RECORD EXCERPTS.
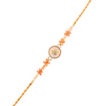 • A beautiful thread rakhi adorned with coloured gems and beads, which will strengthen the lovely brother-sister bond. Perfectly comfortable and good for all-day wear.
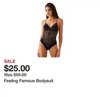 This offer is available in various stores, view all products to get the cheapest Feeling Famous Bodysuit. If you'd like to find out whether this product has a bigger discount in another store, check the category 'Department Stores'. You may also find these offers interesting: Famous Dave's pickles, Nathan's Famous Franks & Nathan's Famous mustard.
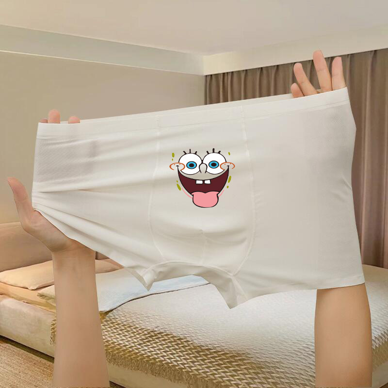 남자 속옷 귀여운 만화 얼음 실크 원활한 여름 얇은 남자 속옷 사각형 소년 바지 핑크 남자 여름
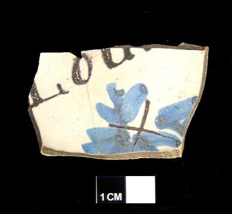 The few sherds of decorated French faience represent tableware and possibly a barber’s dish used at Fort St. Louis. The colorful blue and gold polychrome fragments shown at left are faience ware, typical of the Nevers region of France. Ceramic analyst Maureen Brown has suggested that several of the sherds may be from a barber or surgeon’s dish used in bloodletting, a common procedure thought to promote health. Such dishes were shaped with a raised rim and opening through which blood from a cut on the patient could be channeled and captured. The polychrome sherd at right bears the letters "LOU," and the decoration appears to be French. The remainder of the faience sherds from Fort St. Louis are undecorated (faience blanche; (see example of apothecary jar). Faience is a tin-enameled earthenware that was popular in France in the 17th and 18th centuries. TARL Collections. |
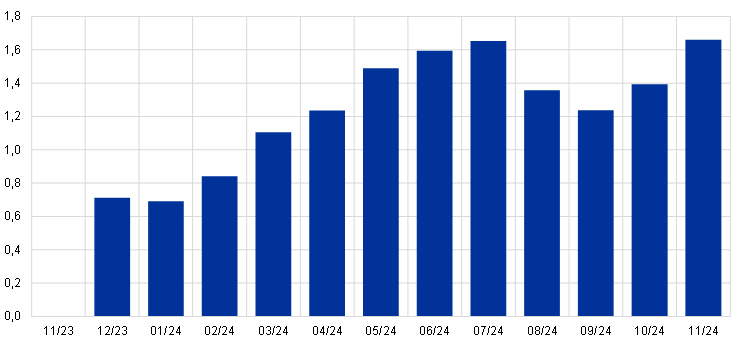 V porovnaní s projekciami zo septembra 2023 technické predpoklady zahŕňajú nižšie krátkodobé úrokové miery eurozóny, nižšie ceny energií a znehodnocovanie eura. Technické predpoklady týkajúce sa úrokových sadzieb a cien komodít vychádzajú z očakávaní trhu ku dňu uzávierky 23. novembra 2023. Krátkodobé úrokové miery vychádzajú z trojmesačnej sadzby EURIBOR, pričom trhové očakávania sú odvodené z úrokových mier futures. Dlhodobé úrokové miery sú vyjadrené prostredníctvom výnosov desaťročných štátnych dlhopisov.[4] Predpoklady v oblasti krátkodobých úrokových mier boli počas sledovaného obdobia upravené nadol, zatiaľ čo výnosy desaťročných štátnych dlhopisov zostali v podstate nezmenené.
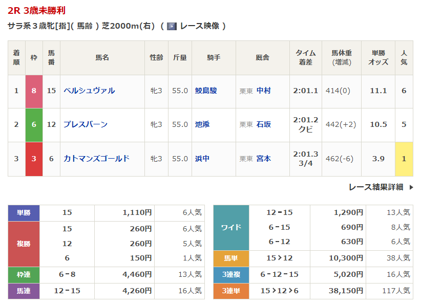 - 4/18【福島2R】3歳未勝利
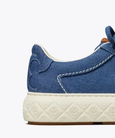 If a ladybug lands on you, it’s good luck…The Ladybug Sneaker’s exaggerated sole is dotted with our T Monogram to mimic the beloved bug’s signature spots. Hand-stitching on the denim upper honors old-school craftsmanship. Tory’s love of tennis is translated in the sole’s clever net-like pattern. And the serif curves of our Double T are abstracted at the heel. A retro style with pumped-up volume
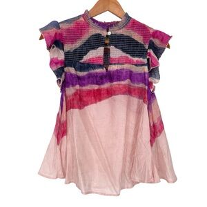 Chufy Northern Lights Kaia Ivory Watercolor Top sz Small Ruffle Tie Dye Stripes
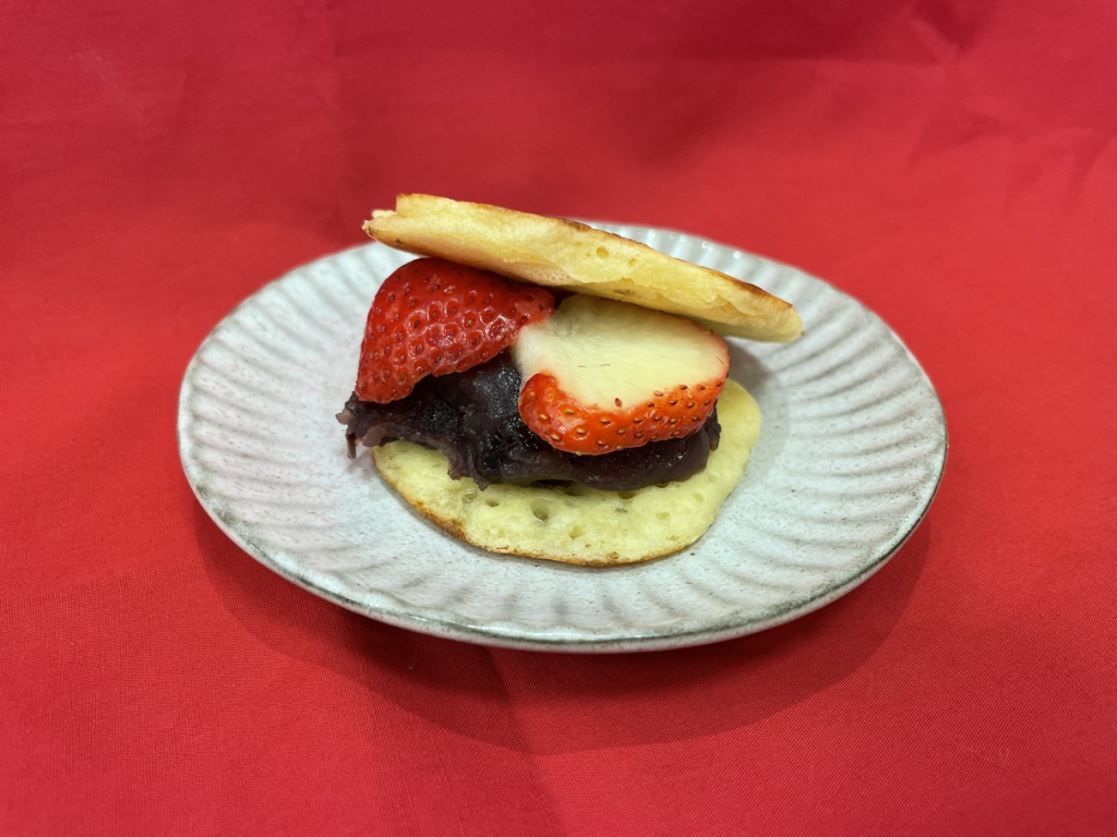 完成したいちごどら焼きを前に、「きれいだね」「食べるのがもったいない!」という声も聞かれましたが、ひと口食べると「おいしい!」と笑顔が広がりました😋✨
==
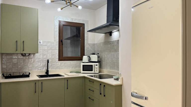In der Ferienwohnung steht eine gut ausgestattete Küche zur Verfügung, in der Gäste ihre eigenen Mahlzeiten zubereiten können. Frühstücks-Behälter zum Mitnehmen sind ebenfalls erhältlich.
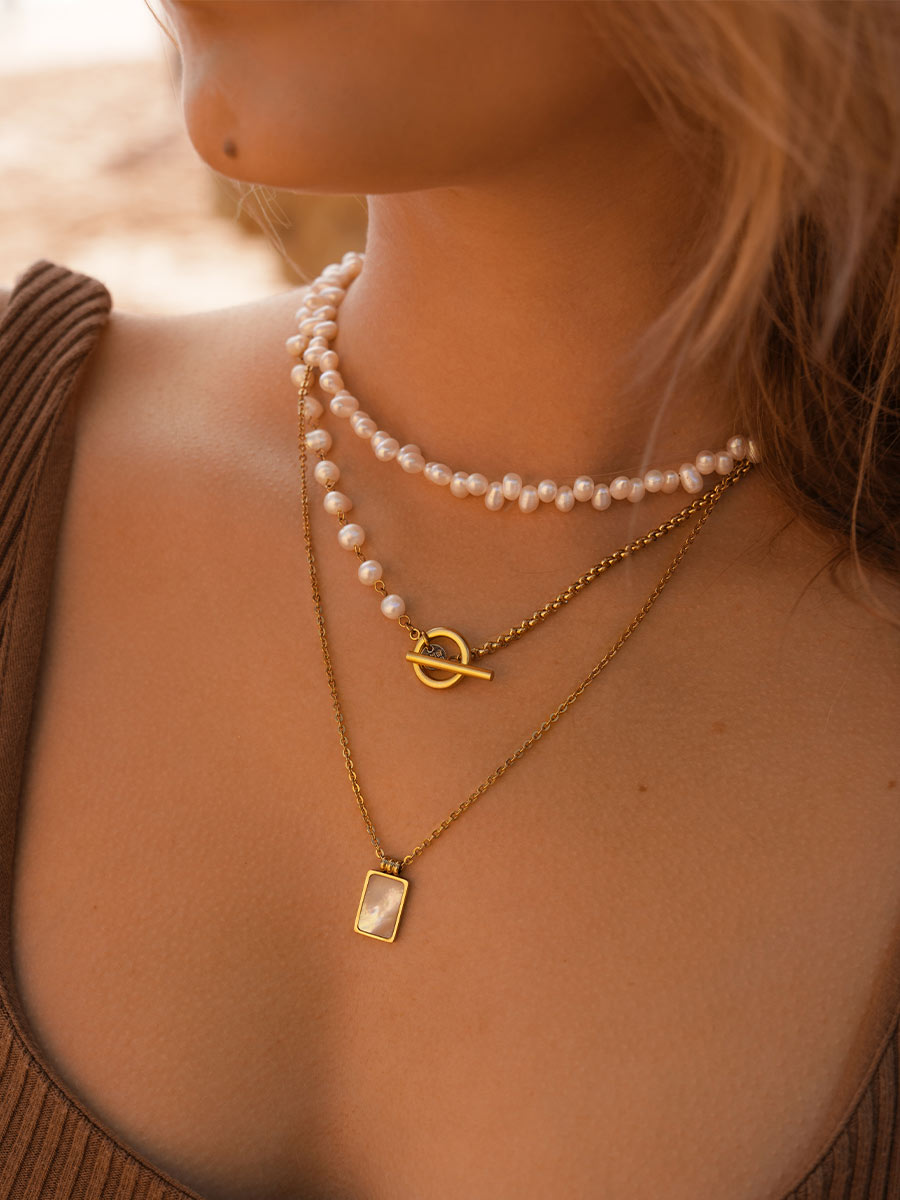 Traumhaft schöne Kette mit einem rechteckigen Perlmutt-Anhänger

AIM OF THE EXERCISE.
After locating the line containing "for all-day wear." in the entries above, return it and every line after it exactly, ending at the line containing "남자 속옷 귀여운 만화", without pictures.

RESULT FOR THIS TASK.
 • A beautiful thread rakhi adorned with coloured gems and beads, which will strengthen the lovely brother-sister bond. Perfectly comfortable and good for all-day wear.
 This offer is available in various stores, view all products to get the cheapest Feeling Famous Bodysuit. If you'd like to find out whether this product has a bigger discount in another store, check the category 'Department Stores'. You may also find these offers interesting: Famous Dave's pickles, Nathan's Famous Franks & Nathan's Famous mustard.
 남자 속옷 귀여운 만화 얼음 실크 원활한 여름 얇은 남자 속옷 사각형 소년 바지 핑크 남자 여름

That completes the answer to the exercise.